While the conservative newspapers openly ally themselves with the landlords, even the liberal papers, while defending Indian land rights and some urban workers’ movements, characteristically fight shy of tangling with the dangerous issues of landownership and rural violence. Isolated events may be reported, such as the death of peasant leaders or the burning of the houses of rural workers, but there is a reluctance to investigate the causes of such events, or to show them as part of a wider problem.

When, having been beaten up by the military police working for a big landowner, I was interviewed by the liberal newspaper A Folha de Sao Paulo, the enthusiastic young reporter assured me that the story would receive a double page spread, and that the land dispute I became involved in would be thoroughly investigated. When nothing appeared and I telephoned her to see what was happening, she told me, after an embarrassed pause, that the story had had to be dropped, as the editor did not think it was true. A few weeks before the same paper had reported my death.

As a result of such craven failures to cover what by any measure is one of the most newsworthy issues in Brazil, there has been little to restrain the extraordinary rapacity of the country’s landlords. Already 45% of the farmland is possessed by one percent of the farmers, while the poorest 53% own 2.7%. The 20 biggest private landowners own more land between them than do the 3.3 million smallest farmers. Yet for the landlords and politicians this is not enough. Wherever possible they are pushing the small producers off their remaining lands.

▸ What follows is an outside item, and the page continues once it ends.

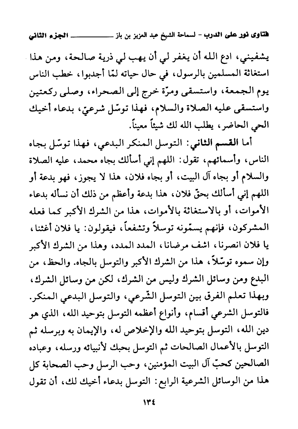 أما القسم الثاني: التوسل المنكر البدعي، فهذا توسل بجاه الناس، وأسمائهم، تقول: اللهم إني أسألك بجاه محمد، عليه الصلاة والسلام أو بجاه آل البيت، أو بجاه فلان، هذا لا يجوز، فهو بدعة، أو اللهم إني أسألك بحق فلان، هذا بدعة وأعظم من ذلك أن نسأله بدعاء الأموات، أو بالاستغاثة بالأموات، هذا من الشرك الأكبر كما فعله المشركون، فإنهم يسمونه توسلا وتشفعا، فيقولون: يا فلان أغثنا، يا فلان انصرنا، اشف مرضانا، المدد المدد، وهذا من الشرك الأكبر وإن سموه توسلا، هذا من الشرك الأكبر؛ والتوسل بالجاه والحظ من البدع ومن وسائل الشرك وليس من الشرك، لكن من وسائل الشرك، وبهذا تعلم الفرق بين التوسل الشرعي، والتوسل البدعي المنكر. فالتوسل الشرعي أقسام وأنواع، أعظمه التوسل بتوحيد الله، الذي هو دين الله، التوسل بتوحيد الله والإخلاص له، والإيمان به وبرسله ثم التوسل بالأعمال الصالحات ثم التوسل بحبك لأنبيائه ورسله، وعباده الصالحين كحب آل البيت المؤمنين، وحب الرسل وحب الصحابة كل هذا من الوسائل الشرعية؛ الرابع: التوسل بدعاء أخيك لك، أن تقول

The landowners’ lobby, as much as World Bank loans and pressure from the IMF, has fuelled the export promotion policies changing the distribution of ownership in the South of Brazil. As new technologies and the export crops the government supports favour those farmers who have capital to invest, and exclude those too poor to buy new equipment or chemicals, the peasants there find themselves unable to compete and are bought out.

But in the North and North East regions of Brazil the methods are more direct. Big landowners wishing to take over the properties adjoining their own turn up in the villages of the peasant owners and order everybody out. If the villagers refuse to leave the landlords characteristically send in gunmen or the military police seconded to the local mayor’s office, who start burning houses and crops, shooting livestock, roughing up the men and threatening to rape the women.

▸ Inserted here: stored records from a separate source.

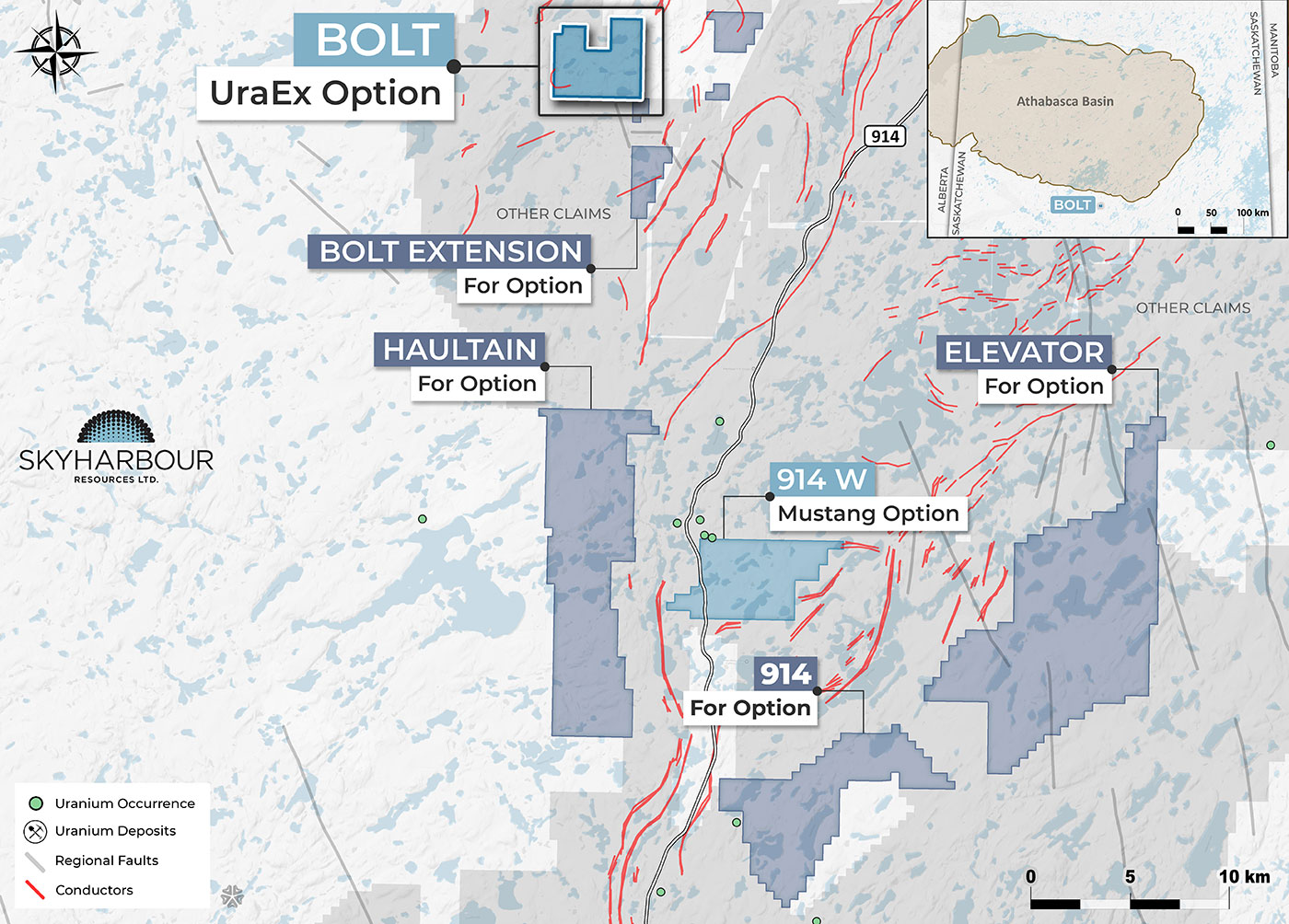 The Bolt Project consists of two contiguous claims 100% owned by Skyharbour Resources Ltd. totalling 4,726 hectares and is located approximately 7 km west of the Highway 914 and about 32 km southwest of Cameco’s Key Lake Operation (which produced 209.8 million pounds of U3O8 at an average grade of 2.32% U3O8 from 2 deposits, where ore from the McArthur River mine is currently processed). A Definitive Agreement was recently signed in October of 2024 with UraEx Resources to earn an initial 51% and up to 100% of both the South Dufferin and Bolt Projects, collectively.
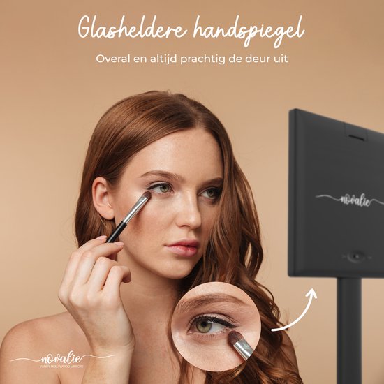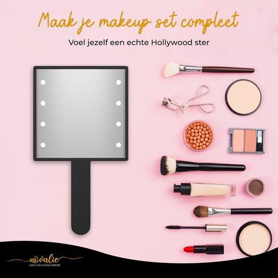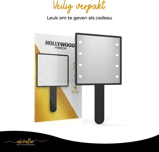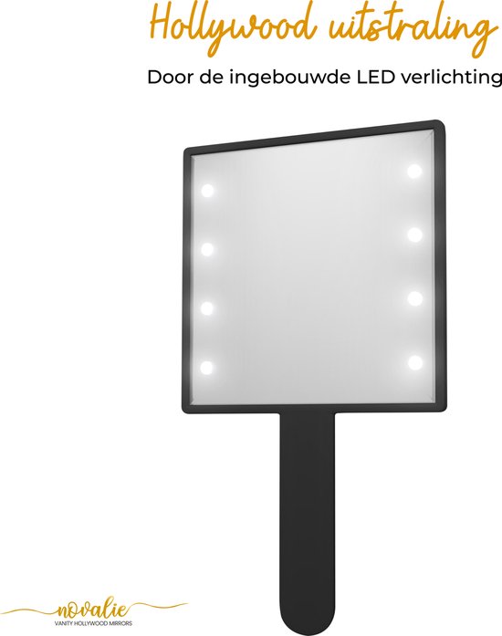 Novalie Hollywood Handspiegel met LED-Verlichting – Zwart – Professionele Make up Spiegel- Visagie, Kapper & Beauty spiegel
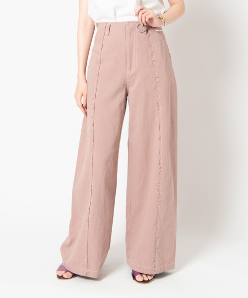配色ステッチで仕上げたチノ素材のワイドパンツ、Fond pants(フォンドパンツ)。定番のデザインですが、随所に施したステッチデザインとセンターラインのダメージ加工が、着こなしのアクセントに。また、取り外し可能なワンショルダーのレザー風サスペンダーがついており、今季らしさをプラス、ワイドシルエットながら程よいハイウエストで、ラフになり過ぎずスタイルアップを期待できる1本です。
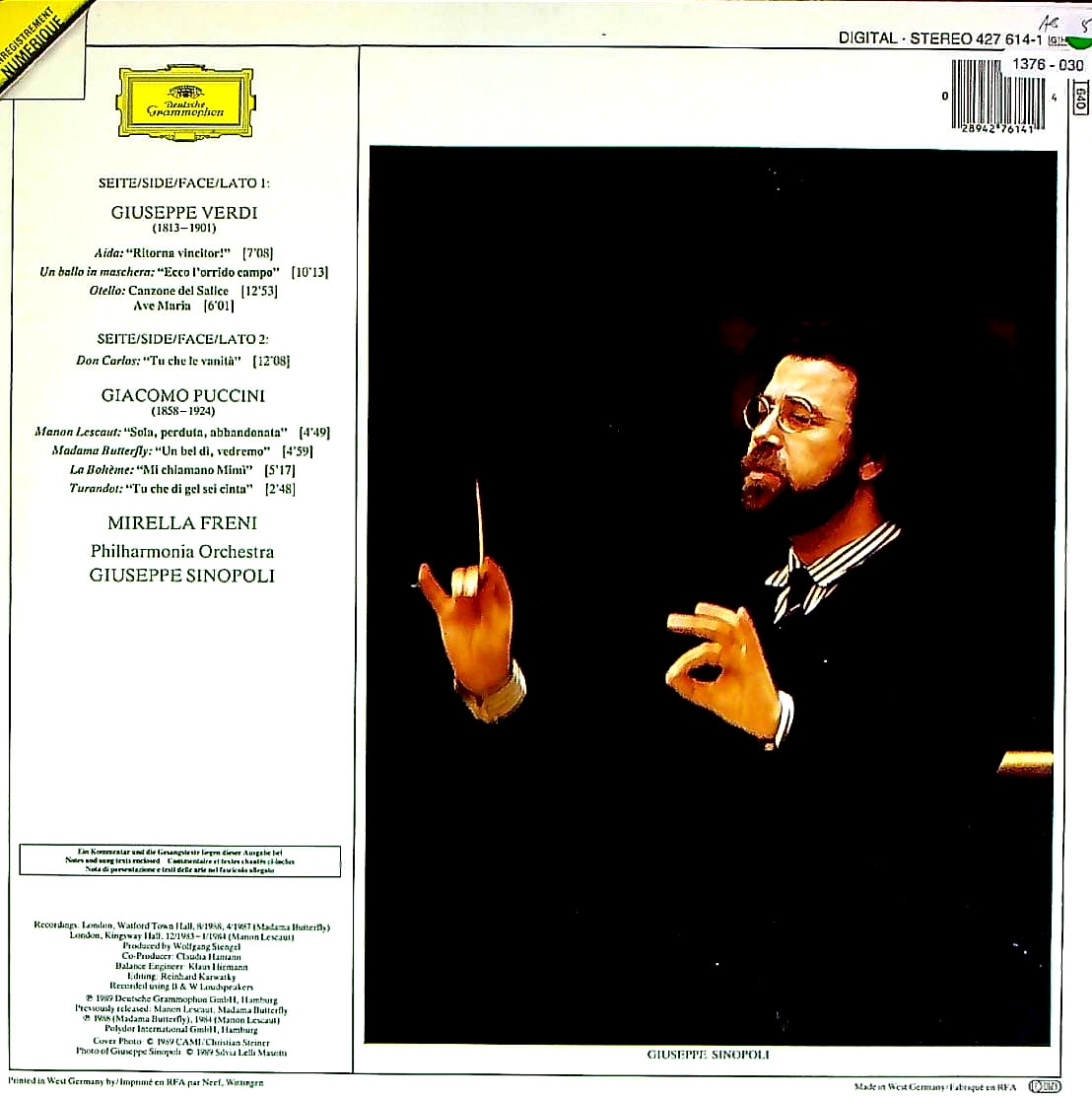 商品詳細:ヴェルディ5曲、プッチーニ4曲のオペラ・アリア集。ミレッラ・フレーニ(1935-)はイタリアのモデナで労働者階級の家庭に生まれたソプラノ歌手。彼女の母親はルチアーノ・パヴァロッティの母親と同じタバコ工場で働いており、同じ乳母の乳で育ったという。彼女は音楽的才能に恵まれ、10歳でラジオ局の主催したコンクールで『ある晴れた日に』(プッチーニの『蝶々夫人』)を歌い優勝した。しかし著名なテノール歌手ベニャミーノ・ジーリは、このまま歌手として歌い続けると早晩喉を痛める危険性があると警告し、もう少し歳をとるまで歌うのを中止したほうがよいと助言した。彼女はこれに従い、17歳までステージで歌わなかった。1955年、19歳のフレーニはモデナの劇場で『カルメン』のミカエラ役でオペラの初舞台を踏んだ。これをきっかけに様々な役柄の出演要請を受けたが、彼女はキャリアを中断して声楽教師レオーネ・マジエラと結婚し、子供を育てる道を選んだ。1958年、フレーニはトリノのテアトロ・レッジオで行われた声楽コンクールでミミを歌って優勝し、演奏活動に復帰した。フレーニの名が世界的に知られるようになったのはグラインドボーン音楽祭でフランコ・ゼッフィレッリの演出による『愛の妙薬』(ドニゼッティ)でアディーナを歌ったことで、彼女は続く1960年から1962年にかけてのシーズンに同地でスザンナ(『フィガロの結婚』)とツェルリーナ(『ドン・ジョヴァンニ』)を演じた。その後はカラヤンと共演するなど以後多くのオペラや演奏会で共演を重ねた。1965年には、やはりミミ役でメトロポリタン歌劇場デビューを飾った。1990年イタリア共和国大十字騎士賞、1993年3月にはフランス政府からレジオン・ドヌール勲章を受章した。シノーポリとは1980年代から共演を行い「マノン・レスコー」と「蝶々夫人」をDGGに全曲録音している。当盤の2曲のアリアはその録音からの抜粋だろう。またアバドと「シモン・ボッカネグラ」の全曲録音もしている。このLPはシノーポリとの2曲に7曲加え、計9曲のアリア集としたもの。軽妙な声質の持ち主だったが1970年代から、より重い声質の役柄もこなせる大物歌手に成長した。これは1989年発売の入荷がほとんどないレア・デジタルLP!
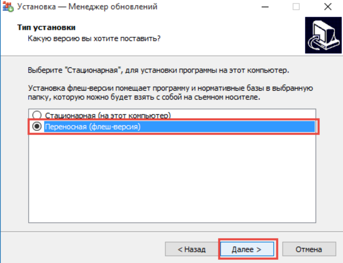 В процессе установки указать «Переносная (флеш-версия)» и нажать кнопку «Далее».
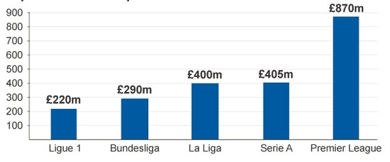 Premier Lig'den Şampiyonlar Ligi'ne giden 4 kulübü, Manchester City, Manchester United, Chelsea, Arsenal, transfer toplam 340 milyon pound artırdılar ve toplam harcamaları %40 oranında arttı.

If the people still refuse to go their leaders or the unionists, priests, nuns or lawyers trying to defend them are shot. In 1990 64 rural workers were murdered – less than in the previous year – and 4,800 families, about 24,000 people, were forced off their lands. These dispossessed people have only two places to flee to: the shantytowns or the Amazon. The peasants cutting the forests on the Amazon’s new frontiers are, on the whole, there because they have been excluded from Brazil’s more productive farmlands: it is the victims who are being blamed for the deforestation.

Most of the lands taken from the peasants are used not for agriculture but for speculation. Within Brazil, outside the Amazon, 330 million hectares of farmland – an area larger than India – are lying idle. Its owners merely wait for its speculative value to rise, whereupon they sell it to other investors. Even though they cover only 3% of the farmland, the peasant farms in Brazil account for 82% of rural employment and produce most of the country’s staple foods.

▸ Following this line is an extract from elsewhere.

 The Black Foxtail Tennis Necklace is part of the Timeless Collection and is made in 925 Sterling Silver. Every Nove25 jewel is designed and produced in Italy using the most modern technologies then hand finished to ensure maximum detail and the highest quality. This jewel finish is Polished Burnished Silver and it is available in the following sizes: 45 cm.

Twenty million people belong to rural families without land, while many millions more crowd the swelling cities. In the last 20 years 30 million Brazilians have left the countryside for the towns. 200 families arrive in Sao Paulo every day, where, as in every large Brazilian city, they suffer inadequate housing, schooling, health facilities and sewerage, an overloaded infrastructure and malnutrition. Brazil’s urban problems are, at root, rural ones.

The landlords spend some of the money they make from the sale or tenancy of the farms they seize on the posters, intimidation, free meals, teeshirts and chartered buses with which most elections in Brazil are won. Political leaders are elected by the people from among their oppressors.

In researching changes in landownership and the accompanying violence, I concentrated on the state of Maranhao, in the North East region of Brazil. It was here that Jose Sarney – who between 1985 and 1989 was president of Brazil – began his main political career with an inverse agrarian reform programme, which took land from the poor to give to the rich.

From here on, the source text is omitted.